3.2.2 Bijbehorende bouwwerken

Bijbehorende bouwwerken voldoen aan de volgende kenmerken:

  • a. bij een perceel kleiner dan 850 m2 mogen bijbehorende bouwwerken per hoofdgebouw een gezamenlijke oppervlakte hebben die niet groter is dan 85 m2, mits het perceel voor maximaal 50% is bebouwd;
  • b. in afwijking van a mogen bijbehorende bouwwerken behorende bij gestapelde hoofdgebouwen uitsluitend inpandig worden gebouwd;
  • c. bijbehorende bouwwerken mogen in de perceelgrens worden gebouwd;
  • d. vrijstaande bijbehorende bouwwerken mogen een goothoogte hebben die niet groter is dan 3,00 meter en een bouwhoogte die niet groter is dan 5,00 meter.
3.2.3 Andere bouwwerken
  • a. een erf- en terreinafscheiding mag:
    • 1. een bouwhoogte van maximaal 1,00 meter hebben als deze zich voor de voorgevel of een naar de weg gekeerde zijgevel van een hoofdgebouw en het verlengde daarvan bevindt;
    • 2. een bouwhoogte van maximaal 2,00 meter hebben in andere gevallen;
  • b. een overig ander bouwwerk mag een bouwhoogte hebben van maximaal 3,00 meter.
3.3 Nadere eisen
3.3.1 Algemeen

Het is in bijzondere gevallen mogelijk om aan de plaats en afmetingen van de bebouwing nadere eisen te stellen.

Dit kan indien dit noodzakelijk is:

  • a. ter voorkoming van onevenredige aantasting van de gebruiksmogelijkheden en het woon- en leefklimaat van aangrenzende gronden en bouwwerken;
  • b. ter waarborging van de verkeersveiligheid;
  • c. ter waarborging van de ongestoorde ligging van kabels en leidingen;
  • d. ter waarborging van het uitzicht van woningen.
3.3.2 Waterberging

Ten behoeve van het voorzien in voldoende waterberging gelden de volgende regels:

  • a. Een omgevingsvergunning voor de activiteit bouwen wordt slechts verleend nadat afdoende is verzekerd dat wordt voorzien in voldoende waterberging;
  • b.
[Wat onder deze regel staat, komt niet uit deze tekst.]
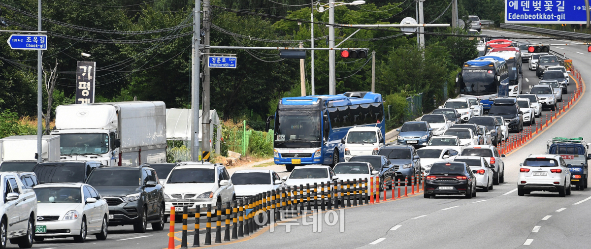 최악의 폭염이 절정에 이른 8월 첫째 주 휴일에 전국 유명 해수욕장과 계곡, 축제장 등이 피서객으로 인산인해를 이뤘다. 5일 경기도 가평군 도로가 피서를 마치고 돌아오는 차량으로 정체를 빚고 있다. 오승현 기자 story@

Het gebruiken en het (doen) laten gebruiken van de gronden waarop de onder a bedoelde omgevingsvergunning betrekking heeft, is slechts toegestaan wanneer voldoende waterberging in stand wordt gehouden;
  • c. Onder voldoende waterberging als genoemd onder a en b wordt verstaan 60 mm waterberging per vierkante meter verharding binnen de planbegrenzing.
3.4 Specifieke gebruiksregels

Het gebruik van de gronden en bouwwerken met de bestemming 'Wonen' is aan een aantal beperkingen gebonden.

3.4.1 Woonfunctie

De bijbehorende bouwwerken mogen niet worden gebruikt voor de woonfunctie tenzij voldaan wordt aan de volgende voorwaarden:

  • a. het bijbehorend bouwwerk is aangebouwd aan het hoofdgebouw;
  • b. het bijbehorend bouwwerk is rechtstreeks via het hoofdgebouw bereikbaar;

Bij een bijbehorend bouwwerk gelegen achter de achtergevel van het hoofdgebouw:

  • c. het bijbehorend bouwwerk is gelegen binnen 4 meter achter het bouwvlak;

Bij een bijbehorend bouwwerk gelegen aan de zijgevel van het hoofdgebouw:

  • d. het bijbehorend bouwwerk is gelegen binnen 4 meter aan de zijgevel van het hoofdgebouw.
3.4.2 Aan-huis verbonden beroep of bedrijf

De hoofdgebouwen en aangebouwde bijbehorende bouwwerken mogen worden gebruikt voor een aan-huis verbonden beroep of bedrijf als wordt voldaan aan de volgende voorwaarden:

  • a. de grondoppervlakte bedraagt maximaal 30% van de vloeroppervlakte van de woning, met een maximum van 50 m2;
  • b. er bestaat een rechtstreekse relatie tussen de bedrijfsmatige activiteiten en de bewoner van het hoofdgebouw;
  • c. er vindt geen gebruik plaats dat vergunning- of meldingsplichtig is op grond van de Wet algemene bepalingen omgevingsrecht respectievelijk de Wet milieubeheer;
  • d. er mag geen detailhandel of horeca plaatsvinden;
  • e. er mag geen sprake zijn van een seksinrichting;
  • f. geen verkeersaantrekkende werking optreedt waardoor extra parkeervoorzieningen noodzakelijk zijn of een verkeersonveilige situatie ontstaat;
  • g. geen reclameuitingen worden aangebracht.
3.4.3 Voorwaardelijke verplichting - bodemsanering

Tot een strijdig gebruik van gronden en bouwwerken ter plaatse van de bestemming 'Wonen' wordt in ieder geval gerekend:

  • a. het ter plaatse van de bestemming 'Wonen' gebruiken van, en het in gebruik laten nemen van, gronden overeenkomstig de bestemming 'Wonen' zonder dat door een gecertificeerd onderzoeksbureau middels een chemisch-analytisch (bodem)onderzoek is aangetoond dat de in Bijlage 1 Nader bodemonderzoek vastgestelde olieverontreiniging is gesaneerd.
3.4.4 Voorwaardelijke verplichting - waterhuishoudkundig plan

Tot een strijdig gebruik van gronden en bouwwerken ter plaatse van de bestemming 'Wonen' wordt in ieder geval gerekend:

  • a. het ter plaatse van de bestemming 'Wonen' gebruiken van, en het in gebruik laten nemen van, gronden overeenkomstig de bestemming 'Wonen' zonder dat door een gecertificeerd onderzoeksbureau een waterhuishoudkundig plan voor het plangebied is opgesteld, teneinde te komen tot een investering in de waterhuishoudkundige situatie.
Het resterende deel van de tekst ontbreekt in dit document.